You can read our HuffPost UK Verdict on the speech, which notes the president called for unity but underlined division, here.

 

I don’t really need a reason to highlight this timeless mashup of Donald Trump saying “China” a lot. But Theresa May is in China and Trump gave a speech. So I have a reason. China.

 

It seems fitting that today Carrie Gracie, the BBC journalist who quit her job as the broadcaster’s China editor over equal pay, gives evidence to the Commons culture committee. She will be followed by director general Tony Hall. The pair will face a grilling after an audit of the broadcaster found “no evidence of gender bias in pay decision-making” but warned of sizeable salary gap between lower-profile broadcasters.

Eleanor Brandford, a former BBC Scotland health correspondent, writes for HuffPost today on why she quit the corporation over equal pay. “I would ride my bike to a press conference if it would save the BBC a taxi fare. I felt my salary was appropriate for a publicly-funded body.   Yet others were getting paid more for doing the same, and I was the sole breadwinner for my family,” she writes.

 

HuffPost’s Kate Forrester has got hold of a copy of the letter sent by the Commons health committee to NHS Digital chief executive Sarah Wilkinson to demand the health service stops passing patients’ data to Home Office immigration enforcers.

An investigation by the committee revealed dying migrants are too scared to see a doctor in case they are deported, thanks to a ‘memorandum of understanding’ on information sharing between the health service and the government. It allows Home Office officials to request confidential patient data to assist in investigations into potential illegal immigrants, but MPs say it amounts to a breach of trust. Immigration minister Caroline Noakes told the committee it was important for the Home Office to use “a range of measures” to identify people breaking the law.

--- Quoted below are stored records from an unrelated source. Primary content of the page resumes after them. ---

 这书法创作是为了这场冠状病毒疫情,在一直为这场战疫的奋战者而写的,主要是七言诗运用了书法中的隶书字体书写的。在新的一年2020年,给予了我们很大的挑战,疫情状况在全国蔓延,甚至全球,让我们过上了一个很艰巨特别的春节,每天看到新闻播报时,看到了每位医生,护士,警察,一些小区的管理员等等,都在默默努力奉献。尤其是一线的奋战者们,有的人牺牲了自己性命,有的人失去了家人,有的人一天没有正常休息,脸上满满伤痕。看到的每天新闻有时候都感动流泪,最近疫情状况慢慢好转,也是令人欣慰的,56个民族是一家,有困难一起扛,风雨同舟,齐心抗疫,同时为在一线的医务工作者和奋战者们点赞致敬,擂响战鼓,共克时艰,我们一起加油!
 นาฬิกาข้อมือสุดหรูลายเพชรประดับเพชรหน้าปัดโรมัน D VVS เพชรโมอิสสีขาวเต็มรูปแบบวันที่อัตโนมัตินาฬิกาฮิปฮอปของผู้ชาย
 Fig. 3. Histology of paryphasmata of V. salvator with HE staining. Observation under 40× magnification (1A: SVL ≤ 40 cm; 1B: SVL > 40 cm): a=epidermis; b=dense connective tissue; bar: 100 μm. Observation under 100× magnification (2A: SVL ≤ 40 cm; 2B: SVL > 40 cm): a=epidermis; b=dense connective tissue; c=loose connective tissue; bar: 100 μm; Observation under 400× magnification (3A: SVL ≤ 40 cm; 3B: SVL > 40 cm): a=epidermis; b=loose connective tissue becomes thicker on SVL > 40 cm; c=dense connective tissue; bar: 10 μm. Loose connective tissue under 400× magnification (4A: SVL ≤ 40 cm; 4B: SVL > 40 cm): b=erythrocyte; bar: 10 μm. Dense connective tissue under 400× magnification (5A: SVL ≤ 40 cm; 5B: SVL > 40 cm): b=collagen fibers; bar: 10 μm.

Jeremy Corbyn has repeatedly returned to the NHS at PMQs in recent weeks, as the health service deals with sever winter pressures. Ahead of today’s clash between Lidington and Thornberry, shadow health secretary Jon Ashworth will roll out a five point plan for an “innovative” NHS.

Writing for HuffPost today, Ashworth says: “We must also respond to the reality that the very nature of ill-health is fundamentally changing too, with a relative shift away from acute illness, towards chronic conditions, multi-morbidities, cognitive impairments and long-term frailty. No longer should we consider the health service as a sickness service concerned with relieving the suffering of infectious disease but we must genuinely think of it as an actual health service supporting people to live with chronic disease such as, for example, diabetes or arthritis that have become a permanent feature of life.”